If you’re following an exercise plan or have a goal in mind, the main barrier to success is injury. The easiest way to avoid this is to slow down and give your body time to adapt to the new movement, load or intensity. If you have an injury that flares up when you exercise, speak to a physiotherapist to see how you might modify your movement or overcome this hurdle.


Exercise is for everyone but not every exercise is for everyone. After you’ve found a movement that you enjoy or want to stick with, make sure it suits you and your body. We’re all built differently so your squat, stride or double somersault pike won’t look like that of the person next to you. Leave your ego at home and modify the range of motion, intensity, movement or duration to ensure you’re progressing steadily and not causing injury.

Finding a program/trainer/exercise specialist.
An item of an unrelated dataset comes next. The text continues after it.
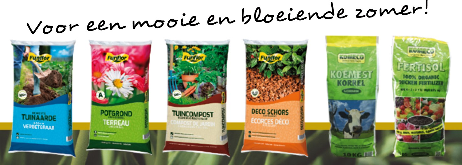 U kunt bemeste tuinaarde, potgrond, compost, boomschors, koemestkorrels en kippenmestkorrels bestellen.

We underestimate the confidence required to exercise, especially when it’s new to us! Don’t be afraid to ask for help, treat yourself like an athlete, like exercise is important to you, and find a professional to support you. If you’re unsure how to work around a health condition or injury, speak to an Exercise Physiologist and if not, have a chat with a personal trainer (read Exercise & Personal Trainers for help on finding the right one for you).
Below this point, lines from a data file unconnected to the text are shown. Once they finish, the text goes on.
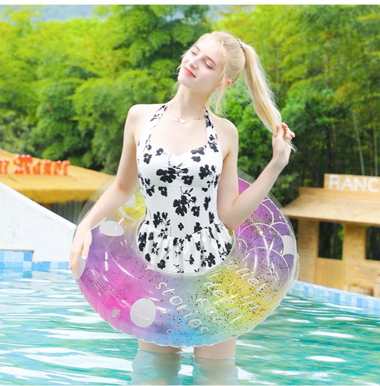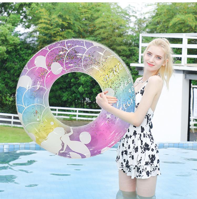 Verano PVC Ecológico Lentejuelas Gruesas Exterior Axila Inflable Anillo Flotante 6-10 Años Niños Anillo de Natación Sirena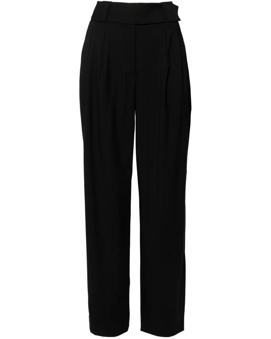 Zwart wolblend getextureerde afwerking geplooide details twee steekzakken aan de zijkant twee paspelzakken aan de achterkant toelopende pijpen verborgen rits-, haak- en knoopsluiting aan de voorkant Size: 34. Gender: Female. Material:Viscose/katoen/wol/Elastane. Kleur: zwart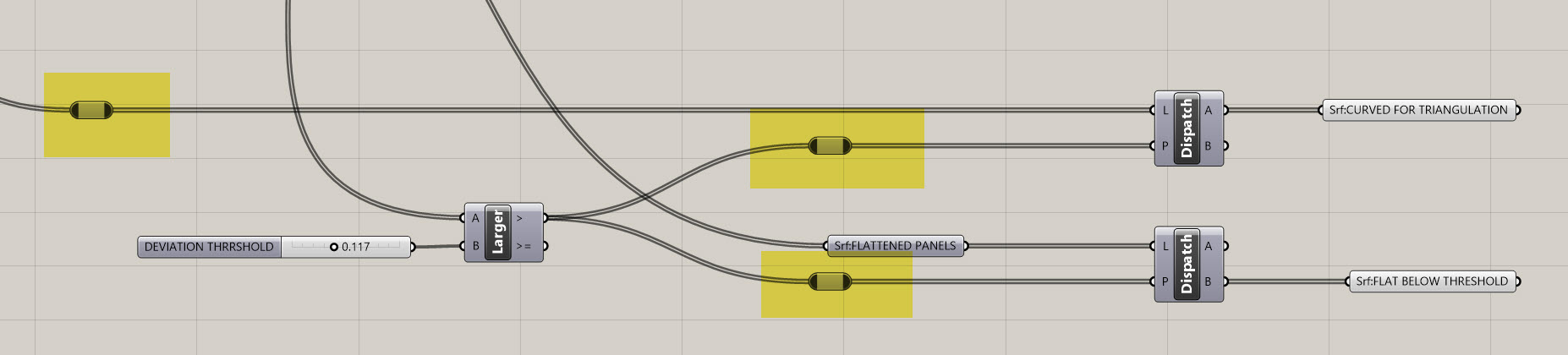Dispatch. I'm going to rename theSurface (Srf)coming out of the A toSrf:CURVED FOR TRIANGULATIONand I'm going to delete theSurface (Srf)coming out of the B. Then, I am going to copy and paste thisDispatchto create another another one. However, I want to keep the P input on this one, but I'm going to swap out the L for the flattened panels coming out of myFlatness Check (Flat)component. It should look something like below: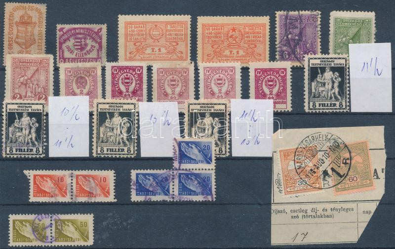 Beschreibung: 23 db okmánybélyeg, zárjegy, segélybélyeg + 1 távirati kivágás 2 Turul bélyeggel

When To Stop – Red Flags2:

Stop exercising immediately and seek medical help if you experience:

  • Chest pain or symptoms that indicate a heart attack: pain in the neck or jaw, pain travelling down the arm or between the shoulder blades.
  • Sudden onset of severe breathlessness.
  • Sudden onset rapid or irregular heartbeat.
  • Feeling faint or like you might collapse.

There are exceptions to these red flags but unless you’ve consulted your GP, Accredited Exercise Physiologist or specialist, the safest option is to stop exercising and seek medical help.
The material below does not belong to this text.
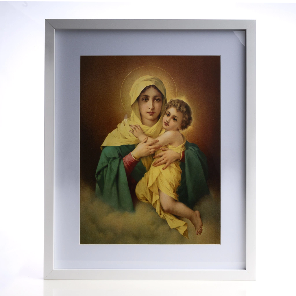 Portaretrato en madera con imagen de la Virgen de Schoenstatt. También se puede colgar. Ideal para el Santuario hogar .color: marron claro .Dimensiones: 60 cm de alto x 40 cm de ancho

If you have a health condition or a barrier to exercising, speak to your doctor about seeing an Exercise Physiologist. They may be able to refer you, with a ‘GP Management Plan’8, to be eligible for Medicare rebates. To find an Accredited Exercise Physiologist or exercise provider that suits your needs – visit the Do More Movement Directory https://do-more.live/activities

Disclaimer: The information and opinions expressed in this article are my own and not the advice of a local health district or governing body. Information has been collected from reputable sources at the time of writing. Always seek the guidance of your doctor with any questions regarding your own health or medical condition.


1.        Australian Bureau of Statistics. https://www.abs.gov.au/statistics/health/health-conditions-and-risks. Published 2022. Accessed December 9, 2023.

2.        Physical Activity Australia. https://www.physicalactivityaustralia.org.au/wp-content/uploads/2016/09/Pre-Exercise-Screening-Form.pdf. Accessed December 9, 2023.

3.        AusActive, ESSA, Sports Medicine Australia. Adult Pre-Exercise Screening. https://ausactive.org.au/policies-guidelines/adult-pre-exercise-screening-system/. Published 2019. Accessed December 9, 2023.

4.        T. Skou PT PHD S, Klarlund Pedersen MD DMSc B, Haxby Abbott DPT PhD FNZCP J, Patterson PT B, Barton PT PhD C. Physical Activity and Exercise Therapy Benefit More Than Just Symptoms and Impairments in People With Hip and Knee Osteoarthritis. J Orthop Sport Phys Ther. 2018;48(6).

5.        Kraus VB, Sprow K, Powell KE, et al. Effects of Physical Activity in Knee and Hip Osteoarthritis: A Systematic  Umbrella Review. Med Sci Sports Exerc. 2019;51(6):1324-1339. doi:10.1249/MSS.0000000000001944

6.        Smoliga JM, Mohseni ZS, Berwager JD, Hegedus EJ. Common causes of dyspnoea in athletes: a practical approach for diagnosis and  management. Breathe (Sheffield, England). 2016;12(2):e22-37. doi:10.1183/20734735.006416

7.        National Institute of Aging. Finding the Right Fitness Shoes and Clothes.

8.        Services NSW. Chronic disease GP Management Plans and Team Care Arrangements.